Data below:

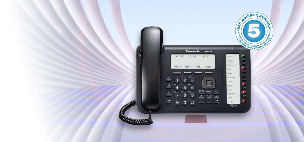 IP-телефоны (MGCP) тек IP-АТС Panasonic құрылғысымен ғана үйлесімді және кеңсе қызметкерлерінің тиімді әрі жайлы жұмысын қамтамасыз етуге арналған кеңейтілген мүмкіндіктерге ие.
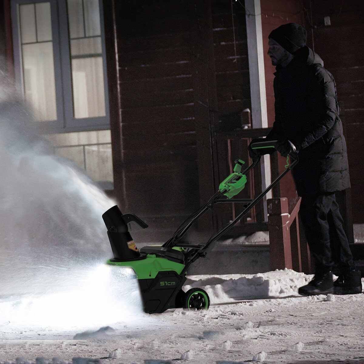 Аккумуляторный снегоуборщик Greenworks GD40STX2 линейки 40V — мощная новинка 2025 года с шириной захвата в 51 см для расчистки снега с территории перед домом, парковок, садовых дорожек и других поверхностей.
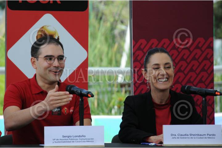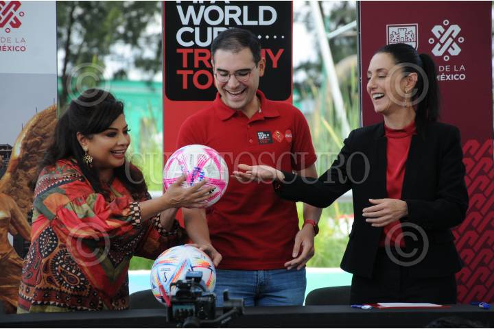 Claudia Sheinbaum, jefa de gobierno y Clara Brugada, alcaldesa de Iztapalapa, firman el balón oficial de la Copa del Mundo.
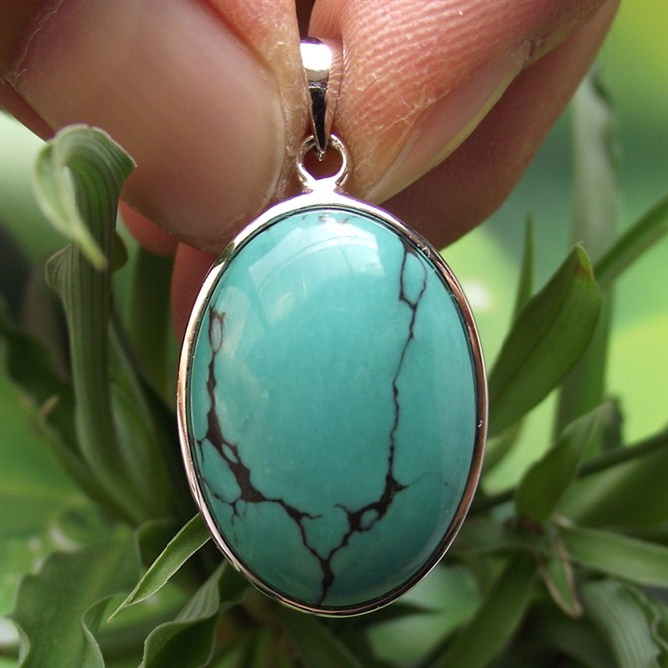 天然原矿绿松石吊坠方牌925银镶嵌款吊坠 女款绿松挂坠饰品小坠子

End of Data.

**Task brief**: Would you please set down the listing above exactly, minus its images?

**Output of the task**:
 IP-телефоны (MGCP) тек IP-АТС Panasonic құрылғысымен ғана үйлесімді және кеңсе қызметкерлерінің тиімді әрі жайлы жұмысын қамтамасыз етуге арналған кеңейтілген мүмкіндіктерге ие.
 Аккумуляторный снегоуборщик Greenworks GD40STX2 линейки 40V — мощная новинка 2025 года с шириной захвата в 51 см для расчистки снега с территории перед домом, парковок, садовых дорожек и других поверхностей.
 Claudia Sheinbaum, jefa de gobierno y Clara Brugada, alcaldesa de Iztapalapa, firman el balón oficial de la Copa del Mundo.
 天然原矿绿松石吊坠方牌925银镶嵌款吊坠 女款绿松挂坠饰品小坠子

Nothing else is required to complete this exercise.